→ AIM OF THE TASK
Search the material for the word "from" and copy every line in which it occurs.

→ ENTRIES SUPPLIED
┏━━

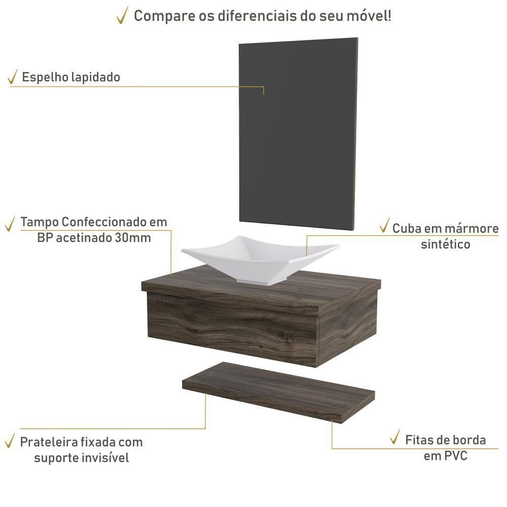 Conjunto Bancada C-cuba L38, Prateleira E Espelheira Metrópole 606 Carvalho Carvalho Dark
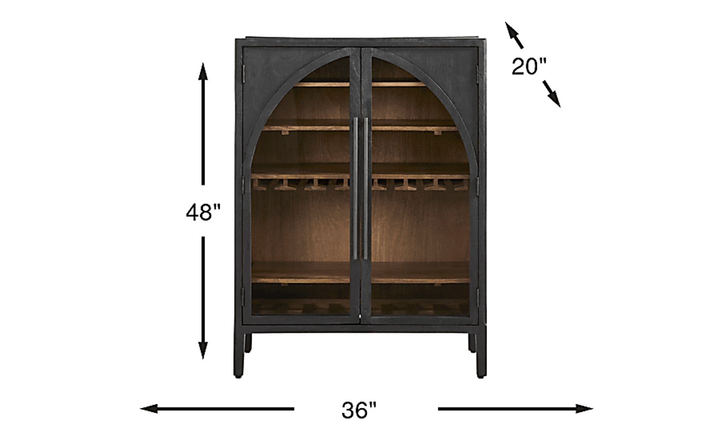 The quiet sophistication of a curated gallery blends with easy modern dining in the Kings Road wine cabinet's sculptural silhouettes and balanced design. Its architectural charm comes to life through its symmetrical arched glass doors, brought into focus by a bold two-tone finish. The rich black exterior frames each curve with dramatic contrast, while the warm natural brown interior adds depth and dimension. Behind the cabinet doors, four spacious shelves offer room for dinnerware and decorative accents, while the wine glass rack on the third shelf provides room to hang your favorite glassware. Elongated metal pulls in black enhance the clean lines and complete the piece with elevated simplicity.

┗━━
┏━━

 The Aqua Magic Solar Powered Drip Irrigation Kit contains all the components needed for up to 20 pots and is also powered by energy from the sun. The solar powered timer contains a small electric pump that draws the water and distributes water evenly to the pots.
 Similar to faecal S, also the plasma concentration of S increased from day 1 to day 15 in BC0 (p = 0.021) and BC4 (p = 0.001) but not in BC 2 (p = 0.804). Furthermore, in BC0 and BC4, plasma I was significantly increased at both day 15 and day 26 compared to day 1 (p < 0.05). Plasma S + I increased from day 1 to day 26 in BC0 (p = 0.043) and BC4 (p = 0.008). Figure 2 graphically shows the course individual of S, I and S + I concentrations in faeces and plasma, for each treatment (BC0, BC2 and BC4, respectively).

┗━━
┏━━

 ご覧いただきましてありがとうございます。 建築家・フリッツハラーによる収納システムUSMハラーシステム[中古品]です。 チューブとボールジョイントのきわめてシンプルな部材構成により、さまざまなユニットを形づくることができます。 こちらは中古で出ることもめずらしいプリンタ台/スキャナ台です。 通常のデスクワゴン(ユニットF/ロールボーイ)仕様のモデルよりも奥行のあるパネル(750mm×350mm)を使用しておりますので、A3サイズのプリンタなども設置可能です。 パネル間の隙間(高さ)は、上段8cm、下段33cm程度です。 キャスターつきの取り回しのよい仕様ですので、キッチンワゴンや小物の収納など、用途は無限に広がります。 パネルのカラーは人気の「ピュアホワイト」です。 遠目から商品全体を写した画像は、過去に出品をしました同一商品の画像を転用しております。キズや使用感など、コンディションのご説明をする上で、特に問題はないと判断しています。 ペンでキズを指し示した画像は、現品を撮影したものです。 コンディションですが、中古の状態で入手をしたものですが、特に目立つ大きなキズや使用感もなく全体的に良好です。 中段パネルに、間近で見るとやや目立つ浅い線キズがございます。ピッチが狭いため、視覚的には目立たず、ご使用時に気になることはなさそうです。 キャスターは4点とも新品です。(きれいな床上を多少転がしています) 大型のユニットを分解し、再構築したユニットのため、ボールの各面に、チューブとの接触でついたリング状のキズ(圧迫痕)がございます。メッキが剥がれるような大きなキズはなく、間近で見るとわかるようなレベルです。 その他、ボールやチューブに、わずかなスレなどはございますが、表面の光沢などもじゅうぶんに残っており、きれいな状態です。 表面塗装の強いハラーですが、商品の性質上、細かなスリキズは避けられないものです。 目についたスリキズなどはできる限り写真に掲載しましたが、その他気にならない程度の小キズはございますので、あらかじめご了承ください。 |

┗━━

→ ANSWER SECTION
 The Aqua Magic Solar Powered Drip Irrigation Kit contains all the components needed for up to 20 pots and is also powered by energy from the sun. The solar powered timer contains a small electric pump that draws the water and distributes water evenly to the pots.
 Similar to faecal S, also the plasma concentration of S increased from day 1 to day 15 in BC0 (p = 0.021) and BC4 (p = 0.001) but not in BC 2 (p = 0.804). Furthermore, in BC0 and BC4, plasma I was significantly increased at both day 15 and day 26 compared to day 1 (p < 0.05). Plasma S + I increased from day 1 to day 26 in BC0 (p = 0.043) and BC4 (p = 0.008). Figure 2 graphically shows the course individual of S, I and S + I concentrations in faeces and plasma, for each treatment (BC0, BC2 and BC4, respectively).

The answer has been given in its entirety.